━━━ Input material

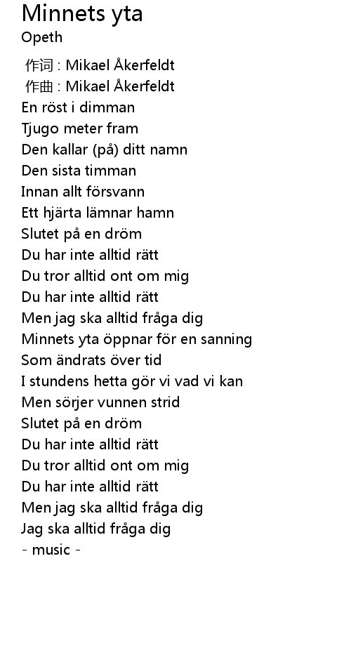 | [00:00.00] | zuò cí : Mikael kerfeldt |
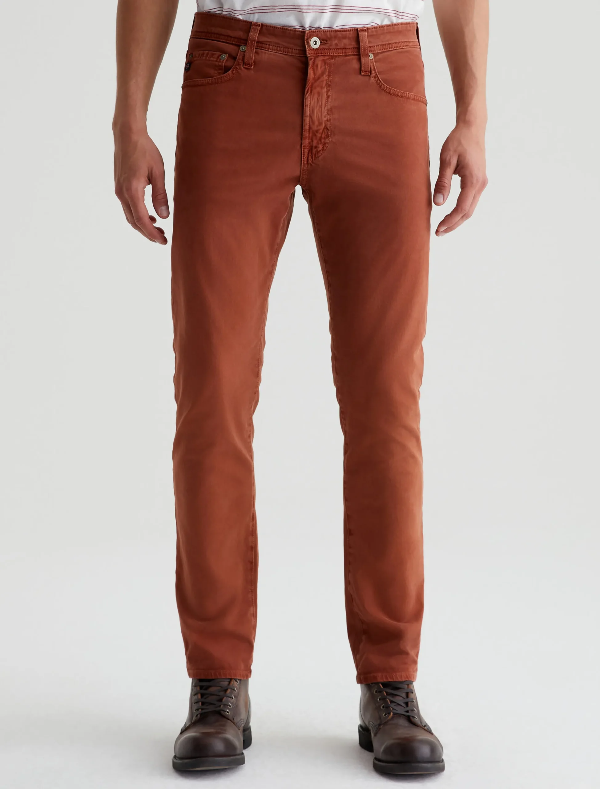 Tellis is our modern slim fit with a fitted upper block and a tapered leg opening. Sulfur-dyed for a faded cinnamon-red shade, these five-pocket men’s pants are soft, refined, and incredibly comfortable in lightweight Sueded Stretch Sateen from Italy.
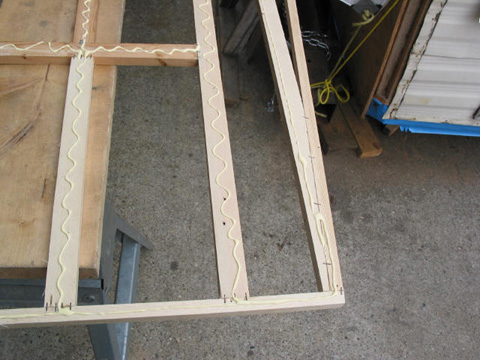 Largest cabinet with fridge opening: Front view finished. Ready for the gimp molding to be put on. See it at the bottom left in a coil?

━━━━━━
━━━ Input material

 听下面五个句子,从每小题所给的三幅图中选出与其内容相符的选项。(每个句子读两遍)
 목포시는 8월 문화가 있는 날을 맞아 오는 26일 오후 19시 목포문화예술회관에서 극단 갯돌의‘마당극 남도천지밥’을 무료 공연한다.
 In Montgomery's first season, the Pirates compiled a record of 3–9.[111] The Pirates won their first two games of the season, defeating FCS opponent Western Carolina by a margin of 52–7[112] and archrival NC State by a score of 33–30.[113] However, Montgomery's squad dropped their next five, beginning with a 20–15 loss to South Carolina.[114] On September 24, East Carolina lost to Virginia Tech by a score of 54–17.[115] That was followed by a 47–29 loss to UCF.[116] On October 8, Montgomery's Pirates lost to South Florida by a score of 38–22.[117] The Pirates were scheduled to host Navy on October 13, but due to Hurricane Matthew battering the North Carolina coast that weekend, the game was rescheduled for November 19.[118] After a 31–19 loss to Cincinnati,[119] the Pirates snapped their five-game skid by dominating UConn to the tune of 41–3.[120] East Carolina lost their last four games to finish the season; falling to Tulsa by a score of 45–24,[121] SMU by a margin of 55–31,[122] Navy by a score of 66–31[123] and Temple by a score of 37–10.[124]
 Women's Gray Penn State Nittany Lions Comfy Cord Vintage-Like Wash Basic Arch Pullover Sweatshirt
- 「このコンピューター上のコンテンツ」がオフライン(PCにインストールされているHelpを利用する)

━━━━━━

Return exactly the lines above from the line that has "听下面五个句子,从每小题所给" through the line that has "목포시는 8월 문화가", inclusive, and nothing else.

 听下面五个句子,从每小题所给的三幅图中选出与其内容相符的选项。(每个句子读两遍)
 목포시는 8월 문화가 있는 날을 맞아 오는 26일 오후 19시 목포문화예술회관에서 극단 갯돌의‘마당극 남도천지밥’을 무료 공연한다.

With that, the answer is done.